It is cheaper to pay gift tax now than it is to pay estate tax upon death, so making gifts during life is generally good planning. The low gift tax rates for this year, however, make it particularly attractive. In 2010, the gift tax rate has been reduced to 35%, compared to 2009’s 45% rate and 2011’s 55% rate. For the individual who has already used his or her $1 million lifetime gift exemption, and can afford to make further gifts, now is an excellent time to gift cash or assets to a trust for children, or even better, for the benefit of grandchildren and more remote descendants. The downside to this technique is that gift tax has to be paid now instead of paying tax upon death. Analogous to Roth IRA conversions, there are significant benefits in most cases to paying the gift tax now. If you were planning on making taxable gifts anyway, doing so in 2010 before year end, may be extremely beneficial as it may result in reducing the gift tax by

20%-30%.

For existing trusts that are not exempt from the generation-skipping transfer tax, referenced earlier, this year presents the perfect opportunity to make distributions to grandchildren, or more remote descendants of the creator of a trust, free from the generation-skipping transfer tax. With assets at depressed values and low interest rates, 2010 is also an excellent time for making loans and taking advantage of other gifting opportunities.

Family Limited Partnerships and LLCs

Even if there is permanent estate tax repeal, there will be good reasons, particularly with an active family business or family investments that are closely managed, to shift existing assets and future appreciation to younger family members while allowing the senior family members to retain control, especially during a period of depressed business values.

If the gift and estate tax laws get re-enacted, and there is going to be a change in these tax laws, one area that has been targeted for reform is the use of discounts in valuation. Since such discounts are one of the prime tax benefits of family limited partnerships, this provides another reason for planning now to take advantage of this tax saving opportunity while it still is available.

Charitable Planning

The charitable remainder trust (CRT), primarily an income tax planning vehicle, permits you to transfer appreciated property to a tax-exempt trust, which in turn sells the property and reinvests the proceeds and pays you an annuity or unitrust amount each year thereafter. This strategy also provides an estate tax deduction for the remainder interest passing to the charity when the trust ends. The CRT continues to be a valuable estate planning tool, especially in the current state of uncertainty. A charitable private foundation is another vehicle that serves important income and gift tax purposes, so its use should remain attractive in 2011.

Continued Role of Life Insurance

Many clients still need life insurance for purposes other than paying federal estate taxes. For example, life insurance will still be needed to fund business buy-sell agreements, to serve as an income replacement for dependents of a deceased family breadwinner, and as a means of leveraging annual exclusion gifts.
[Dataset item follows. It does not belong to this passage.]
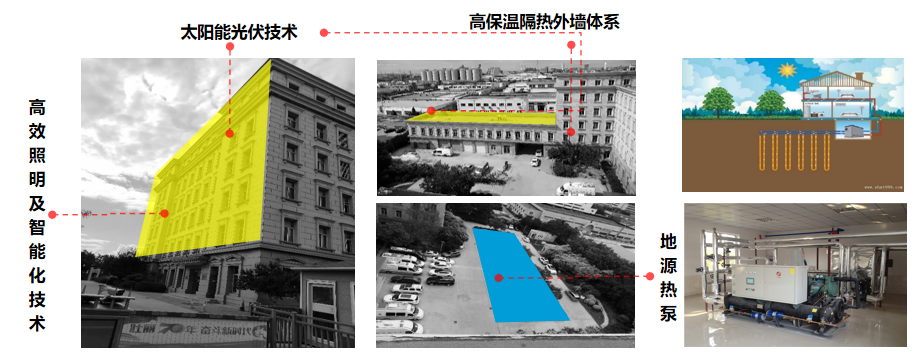 利用自有發(fā)明專(zhuān)利《太陽(yáng)能光伏光熱耦合雙源熱泵的建筑綜合供能系統及其控制方法》,開(kāi)展“空氣源能、復疊熱泵、儲能供能、智慧運維”等低碳(零碳)改造關(guān)鍵技術(shù)集成,構建以可再生能源為主的新型建筑供暖系統。天津市濱海新區生態(tài)環(huán)境監測中心供暖合同能源管理項目為天津濱海院首個(gè)工程類(lèi)項目,同時(shí)為濱城首家公共機構能源托管建成運行項目,以此項目提交的科技專(zhuān)報《關(guān)于大規模開(kāi)展濱海新區公共機構合同能源管理的建議》,獲得天津市主要領(lǐng)導批示。

These needs will not be reduced by estate tax repeal and may increase with the proposed 2011 lower estate tax exemption. With the long delay and ultimate uncertainty of estate tax repeal, be careful about dropping or reducing existing life insurance coverage. An irrevocable life insurance trust (ILIT) remains an important planning technique to exclude life insurance proceeds from the gross estate.

Fund Grantor Retained Annuity Trusts

A Grantor Retained Annuity Trust (“GRAT”) allows people to give a portion of an asset’s future growth to heirs tax free. This type of trust works best when interest rates are low and asset values are depressed, and given the current economic environment, now is a perfect time to set up and fund a GRAT. Congress has targeted GRATs as another area for tax reform, which makes it even more important to proceed with such plans now, before year end.
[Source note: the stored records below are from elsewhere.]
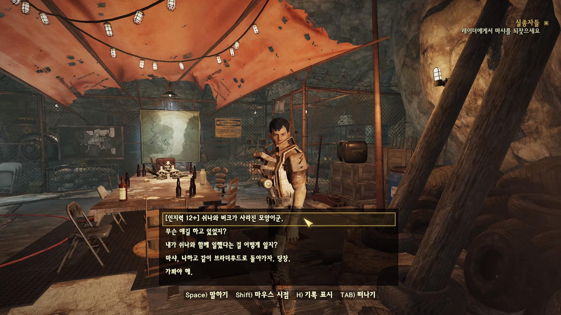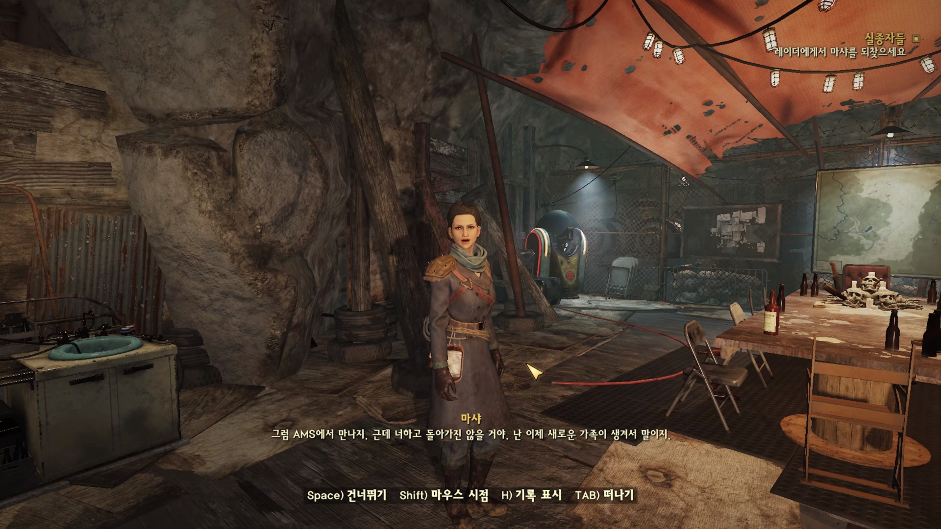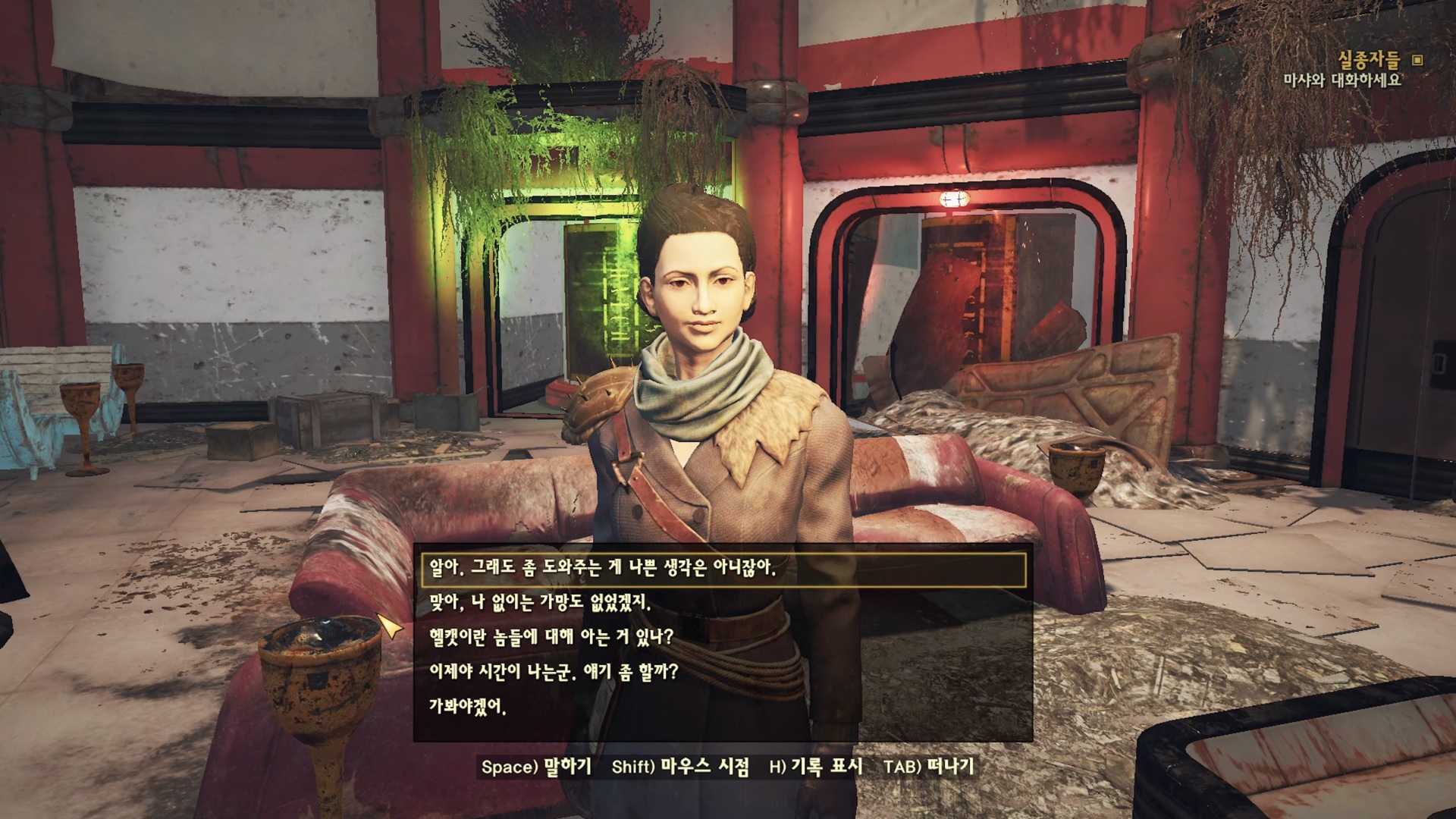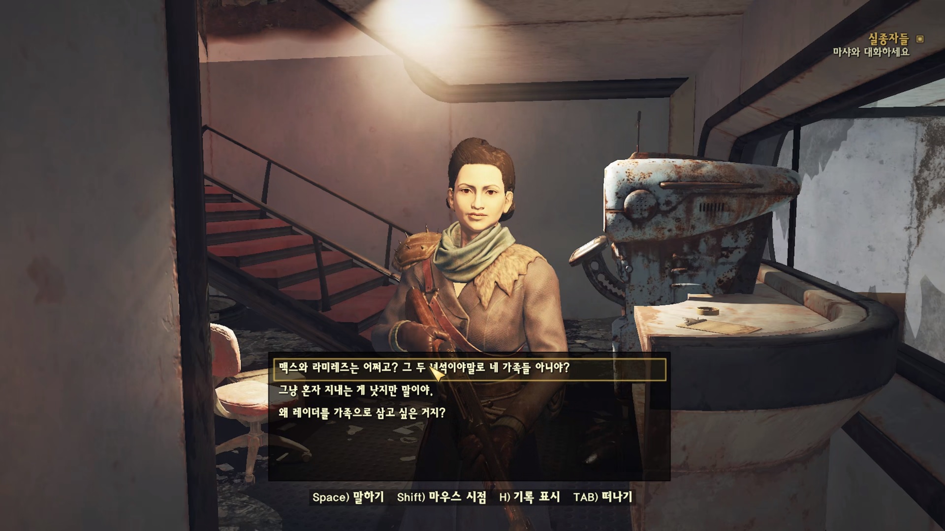 마샤가 왜 브라더후드를 싫어하는지도 알게 되는데 당시 브라더후드가 마을에 무기를 제공하지 않고 전쟁만 하지 않았다면 어머니가 죽지 않았을거라고 생각하고 있다는 것. 레이더가 원래 살인과 약탈을 밥 먹듯 하는 애들인데... 마샤는 지금 착각을 하고 있다! 악의 소굴에서 데려와야겠다.
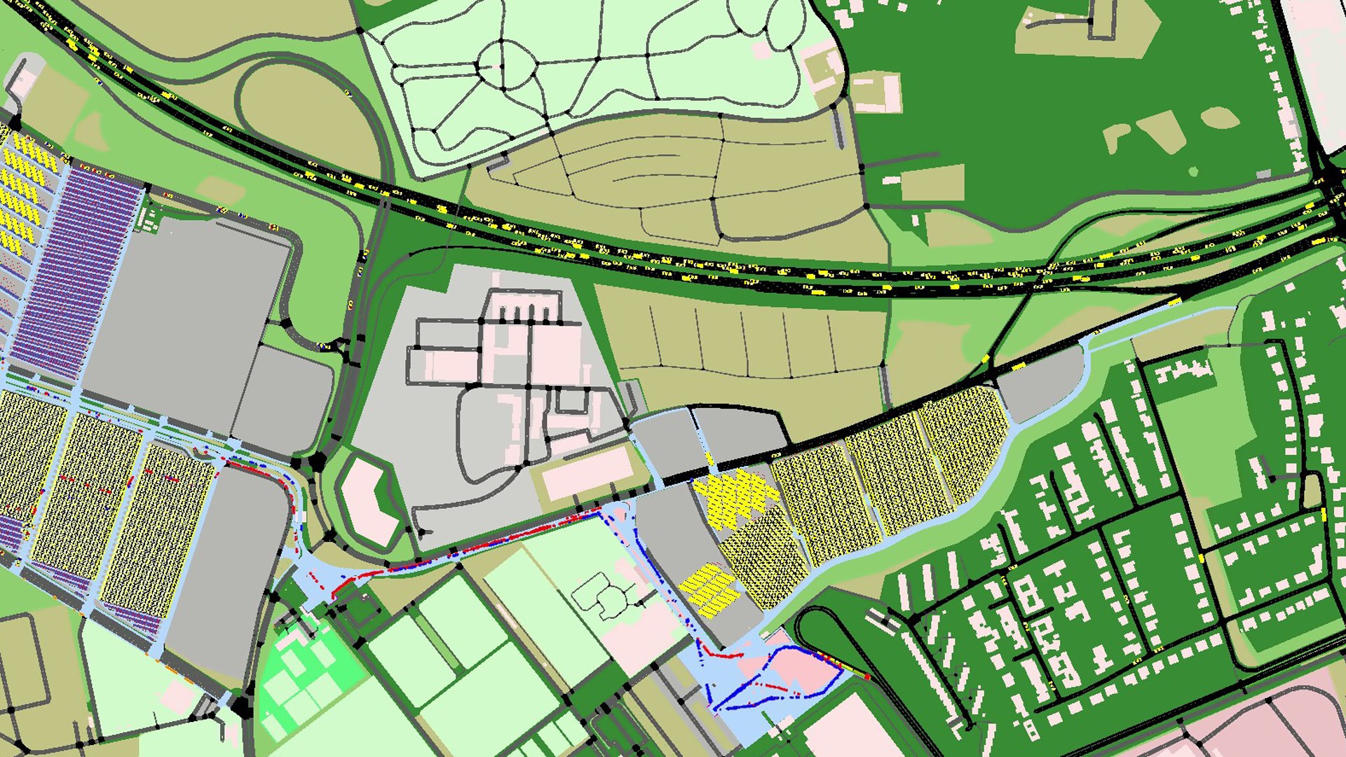 Mit Hilfe der Kopplung zwischen der Verkehrssimulation „SUMO“ und der Simulation der Fußgängerdynamik „JuPedSim“ des Forschungszentrums Jülich werden die Besucherströme zur An- und Abreise rund um das Stadion simuliert.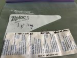 And, because they’re not wholly intuitive to use, I write some very brief directions on each strip of Aquatabs. Each strip contains ten tablets. I put one strip in each Goldilocks kit. Ten tablets yields 8 quarts of treated water. Finally, because not everyone will find themselves stranded with a water bottle, I include a quart-sized Ziplock bag. The bag can comfortably hold enough water for one tablet to purify.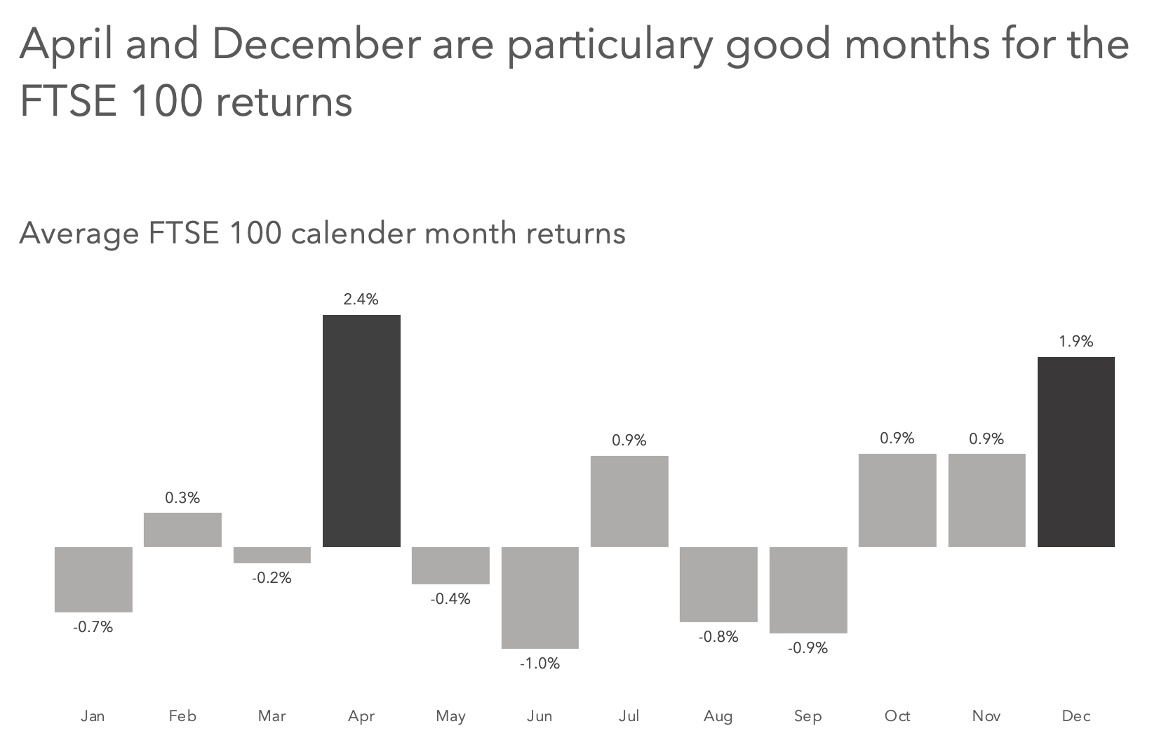 It is always wise to be wary of historical patterns holding in the future. However, looking at the averages for the FTSE 100 calendar months, it may be thought that going long in February, April, July, and October through to December, and short at all other times would be a strategy that beats the index.

One of the most tax advantaged planning opportunities for GRATs involves a short-term GRAT, for example, with a term of 2 years, funded by assets expected to substantially increase in value. If structured properly, the GRAT can be established in a manner so as to generate virtually no gift tax consequences, while passing substantial growth and appreciation in the assets to the next generation tax-free.

Congress has proposed a new restriction on GRATs which would require a minimum term of ten years. However, a ten year GRAT is much less attractive to many clients for a number of reasons. For people with shorter life expectancies, a ten year GRAT may not result in any tax savings, because the entire value of the trust will be subject to the estate tax if the donor dies before the end of the ten year term. Also, longer term GRATs are less desirable for clients who want to lock in short term gains on volatile assets.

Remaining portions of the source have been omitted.